Fourth, it’s worth pointing out that when you manufacture green hydrogen, you throw away about 20% of the energy in the electricity. We’ll make that a bit more efficient, but it’s small and incremental steps with a likely hard cap of 86% efficiency. So we throw away high exergy electrical energy when we make green hydrogen, and we throw away 40% to 50% of the energy in hydrogen when we turn it back into high exergy electricity that we can use for something.
Finally, there’s the transmission itself. HVDC lines from wind and solar farms to demand centers have energy losses of 3.5% per 600 miles or less, while hydrogen requires three times the energy to compress and pipe as natural gas. That energy has to come from somewhere as well.
By drawing the system boundaries narrowly and ignoring exergy, the comparisons become deeply misleading, and make it appear as if putting hydrogen in pipelines is a no brainer, when it’s anything but.
And it leads to people like Lion Hirth, PhD, energy economist and otherwise sensible climate action wonk, posting misleading memes on LinkedIn, which is what led me to finally write this article. He asserted the following:
“A pipeline (say, Nord Stream 1) can carry gas worth 540 TWh per year. That’s 30x times the energy you can put through an HVDC line. Thirty.”
He has a bar chart with no referenced citation to underpinning data which shows that. The Nord Stream 1, by the way is a 4-foot diameter, 1.6-inch-wall steel pipe that runs about 1,000 miles.
But it falls apart when you start doing the math. As per the above assessment, when you add up all of the losses, it’s not delivering 540 TWh, it’s delivering half of that once exergy is taken into account. And when you add up all of the extra infrastructure and losses, it’s throwing away a bunch more.
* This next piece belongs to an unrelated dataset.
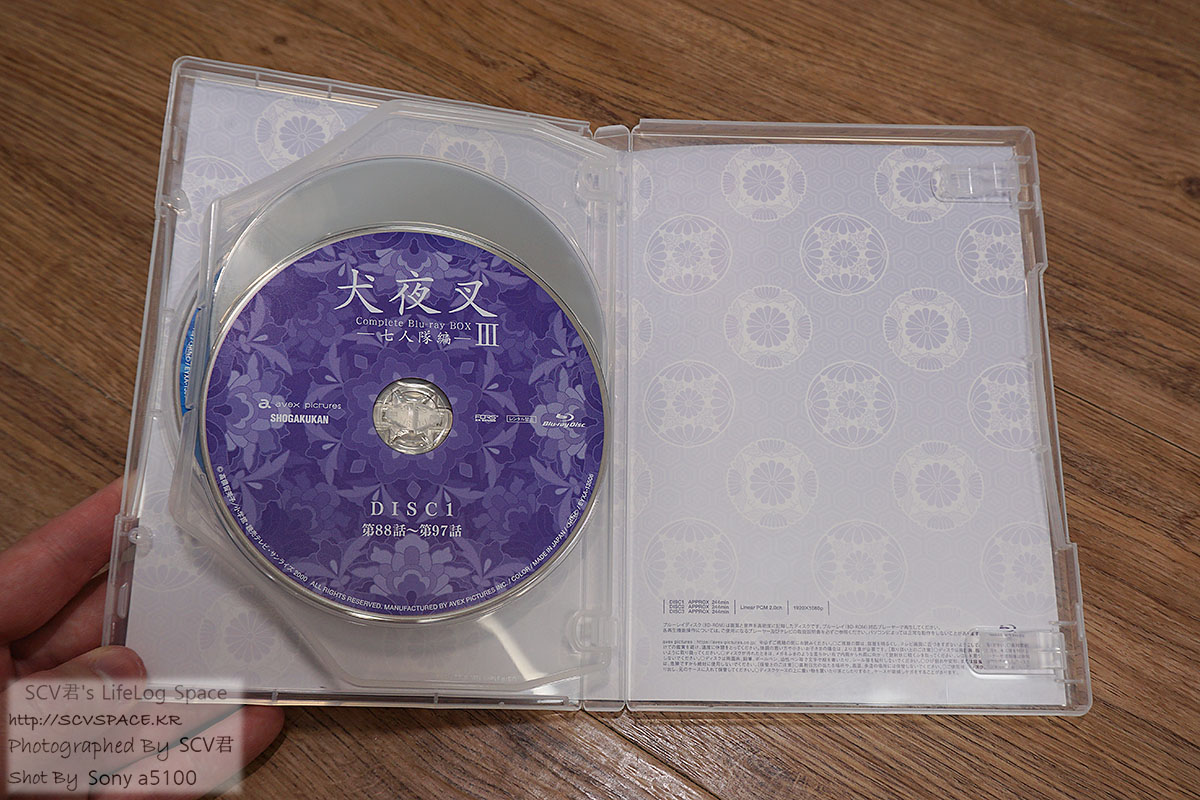 이쪽 수납부에는 블루레이 디스크 세장이 들어있습니다. TVA 본편의 88-117화가 나뉘어 담겨있지요.

The size of the HVDC line is misleading as well. It’s not a single strand HVDC, which no one would build, but it’s a small HVDC transmission line that can deliver about 18 TWh per year that was chosen for comparison, to make the pipeline energy look better. As a better comparison, the 6,400 MW HVDC link from Xiangjiaba Dam to Shanghai in China delivers 56 TWh per year with 5% losses of energy for the 1,000 miles.
Make the pipeline energy a lot smaller, and the HVDC line an actually real size, and all of a sudden that 30x drops by an order of magnitude. And that’s before you build all of the HVDC infrastructure to bring firmed electricity to the head of the pipeline and build the massive hydrogen plant to manufacture the molecules.
All of this is to say that in the future, where hydrogen is needed as a molecule — and again this is a declining market not a growth market as we eliminate most refining of oil and reduce our dependence on fossil-fuel derived fertilizer — we will manufacture hydrogen on site with firmed, high-exergy electricity that powers the rest of the industrial facility as well, not build a massive hydrogen distribution system that is also massively redundant with just moving electrons.